- **RECORDED DATA**
------------------------

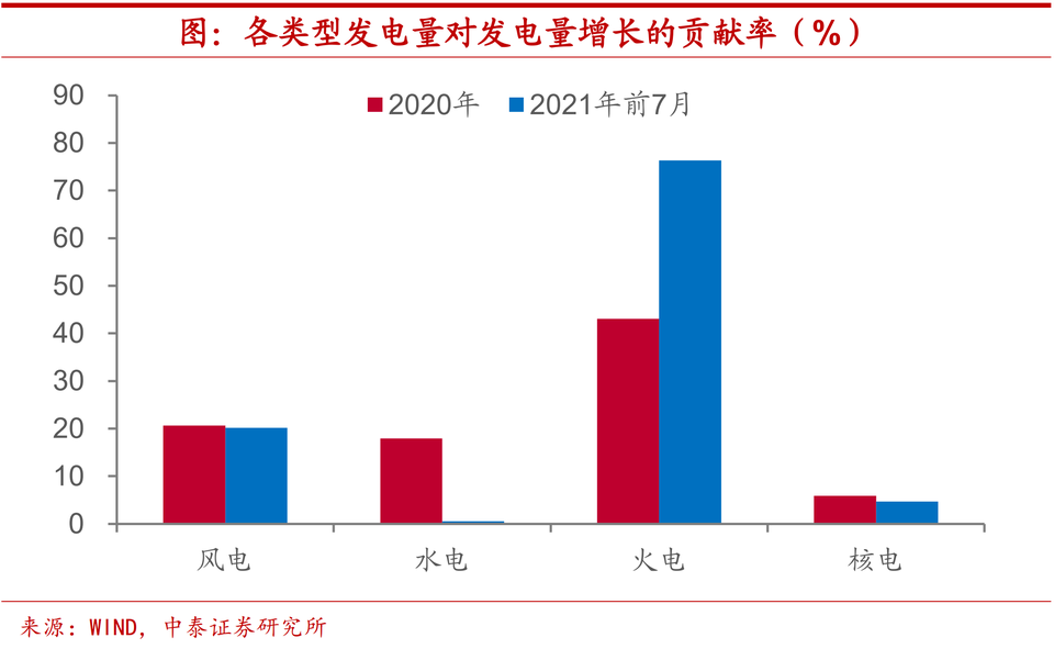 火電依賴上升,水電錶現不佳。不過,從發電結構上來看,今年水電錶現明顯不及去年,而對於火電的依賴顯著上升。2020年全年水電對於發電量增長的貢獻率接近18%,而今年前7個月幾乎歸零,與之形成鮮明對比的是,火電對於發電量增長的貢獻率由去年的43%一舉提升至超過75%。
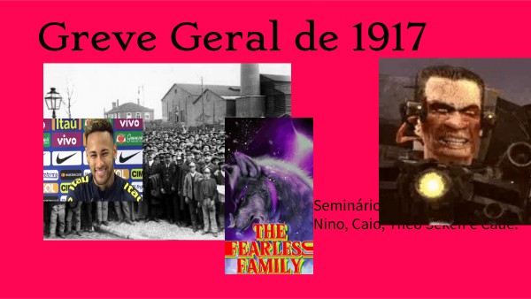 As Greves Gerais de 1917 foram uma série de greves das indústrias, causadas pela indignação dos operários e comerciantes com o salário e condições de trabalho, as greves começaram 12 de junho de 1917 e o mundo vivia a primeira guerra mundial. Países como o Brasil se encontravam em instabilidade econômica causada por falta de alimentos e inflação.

------------------------

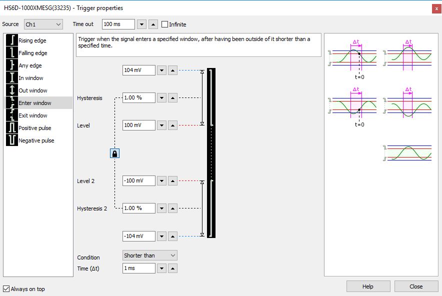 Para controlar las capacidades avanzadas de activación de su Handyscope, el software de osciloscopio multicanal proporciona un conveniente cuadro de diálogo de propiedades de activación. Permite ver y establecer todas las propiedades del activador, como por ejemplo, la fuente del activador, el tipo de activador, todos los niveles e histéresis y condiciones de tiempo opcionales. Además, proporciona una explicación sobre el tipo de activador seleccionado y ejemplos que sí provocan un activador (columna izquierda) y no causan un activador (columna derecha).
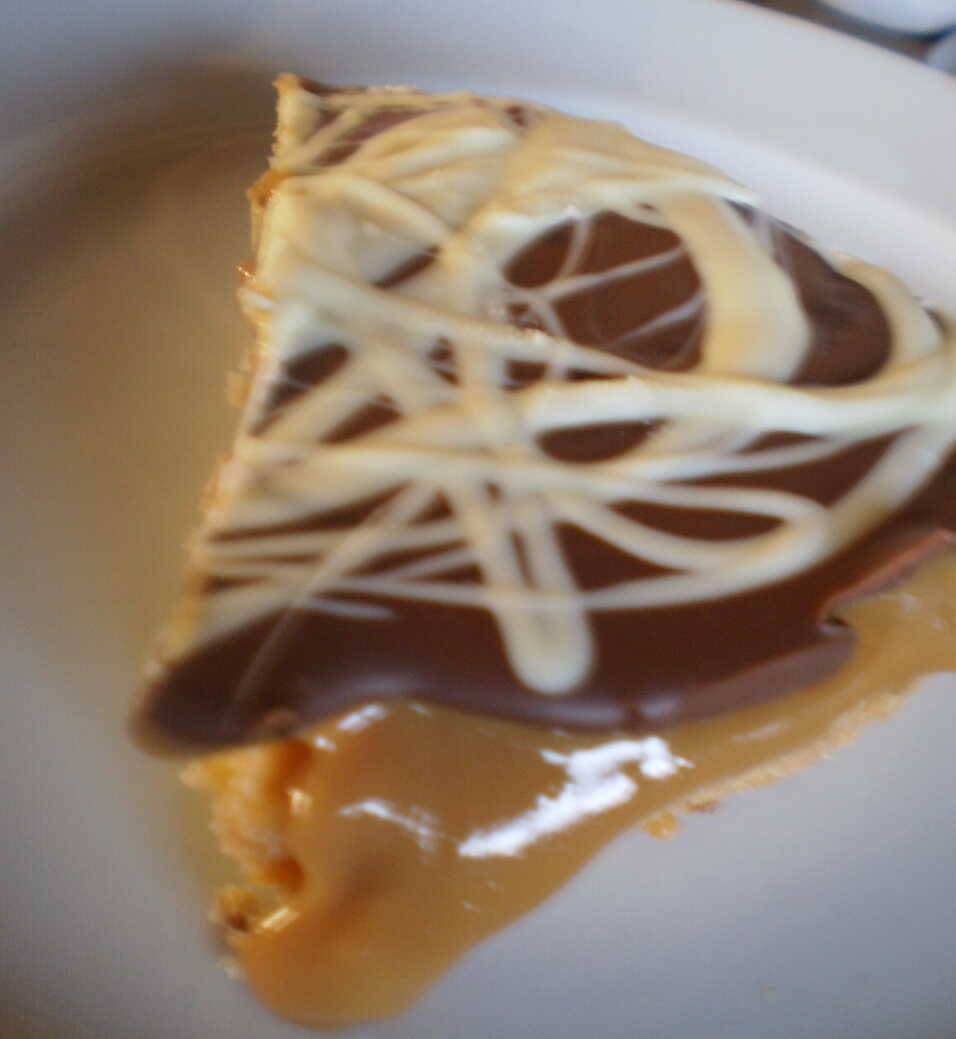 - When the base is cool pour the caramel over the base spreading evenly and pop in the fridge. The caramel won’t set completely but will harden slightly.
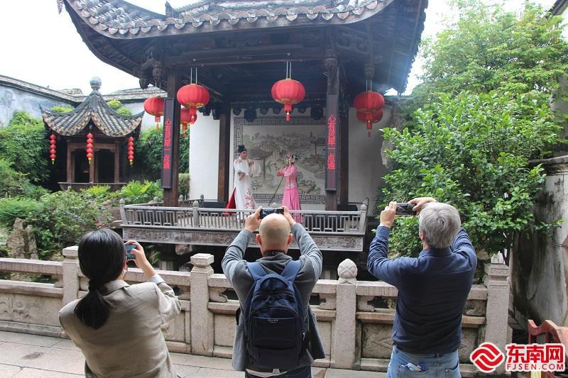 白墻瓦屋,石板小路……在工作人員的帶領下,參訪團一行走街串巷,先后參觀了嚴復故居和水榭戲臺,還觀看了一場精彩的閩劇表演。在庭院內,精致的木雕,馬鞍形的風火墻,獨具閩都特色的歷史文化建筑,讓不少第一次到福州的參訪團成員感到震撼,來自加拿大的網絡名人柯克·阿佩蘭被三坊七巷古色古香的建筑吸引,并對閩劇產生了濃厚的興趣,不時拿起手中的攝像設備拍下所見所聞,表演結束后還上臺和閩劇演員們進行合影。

------------------------

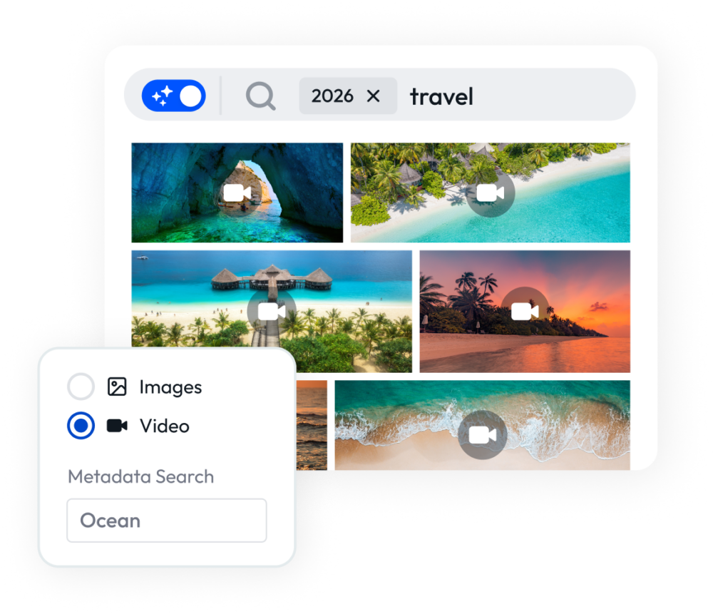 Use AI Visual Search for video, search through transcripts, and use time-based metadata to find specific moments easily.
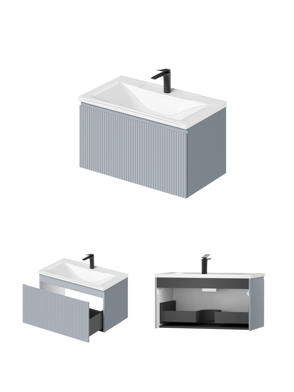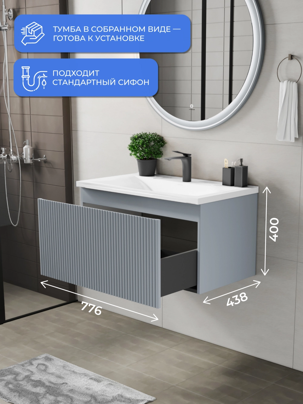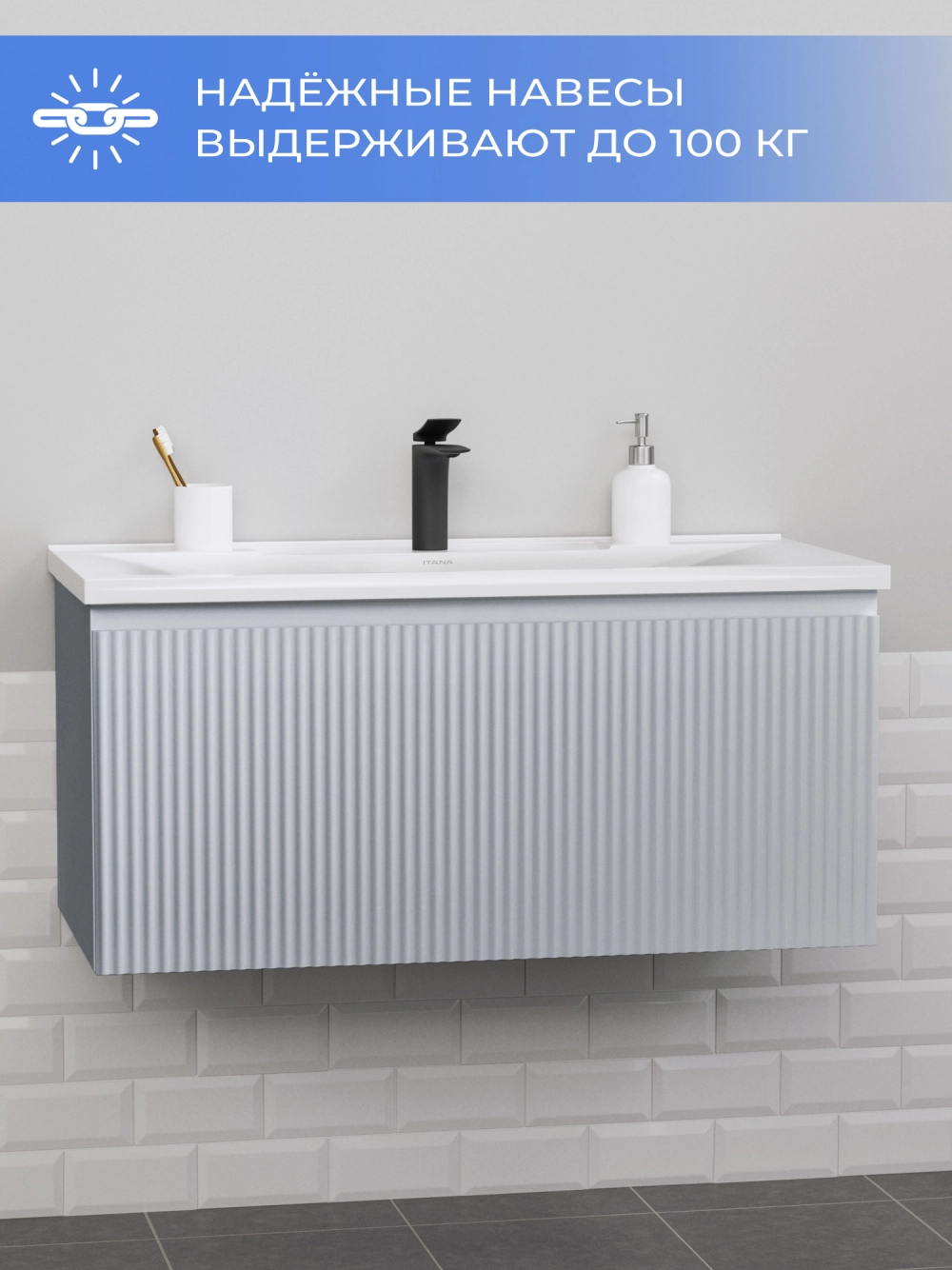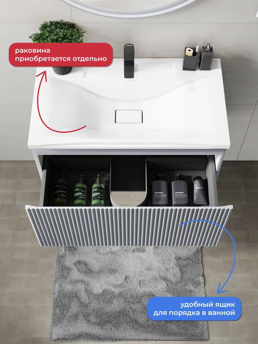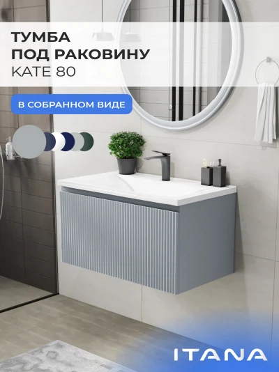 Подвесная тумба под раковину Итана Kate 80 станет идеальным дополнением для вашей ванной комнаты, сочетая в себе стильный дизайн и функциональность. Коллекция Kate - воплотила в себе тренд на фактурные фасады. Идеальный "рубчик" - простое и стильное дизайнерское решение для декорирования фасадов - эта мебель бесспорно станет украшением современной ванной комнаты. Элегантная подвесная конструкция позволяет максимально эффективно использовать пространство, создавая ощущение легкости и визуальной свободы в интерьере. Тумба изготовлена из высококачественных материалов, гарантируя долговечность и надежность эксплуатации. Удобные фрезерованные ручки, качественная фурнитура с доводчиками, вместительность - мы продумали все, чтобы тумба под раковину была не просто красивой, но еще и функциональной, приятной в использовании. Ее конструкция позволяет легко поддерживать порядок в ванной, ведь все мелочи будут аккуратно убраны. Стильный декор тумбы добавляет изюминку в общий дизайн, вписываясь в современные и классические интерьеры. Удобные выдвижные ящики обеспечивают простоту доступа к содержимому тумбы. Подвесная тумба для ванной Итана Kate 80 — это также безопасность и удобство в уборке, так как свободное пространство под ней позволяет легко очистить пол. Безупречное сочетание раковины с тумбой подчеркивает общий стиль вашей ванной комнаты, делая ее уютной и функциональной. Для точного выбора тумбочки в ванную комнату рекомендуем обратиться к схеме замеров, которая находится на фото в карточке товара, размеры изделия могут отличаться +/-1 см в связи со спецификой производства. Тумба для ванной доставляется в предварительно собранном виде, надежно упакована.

------------------------

- **TASK DETAILS**
Retype only the lines above from the one with "火電依賴上升,水電錶現不佳。" through the one with "As Greves Gerais", exactly and with both ends. Images stay out.

- **WORKED SOLUTION**
 火電依賴上升,水電錶現不佳。不過,從發電結構上來看,今年水電錶現明顯不及去年,而對於火電的依賴顯著上升。2020年全年水電對於發電量增長的貢獻率接近18%,而今年前7個月幾乎歸零,與之形成鮮明對比的是,火電對於發電量增長的貢獻率由去年的43%一舉提升至超過75%。
 As Greves Gerais de 1917 foram uma série de greves das indústrias, causadas pela indignação dos operários e comerciantes com o salário e condições de trabalho, as greves começaram 12 de junho de 1917 e o mundo vivia a primeira guerra mundial. Países como o Brasil se encontravam em instabilidade econômica causada por falta de alimentos e inflação.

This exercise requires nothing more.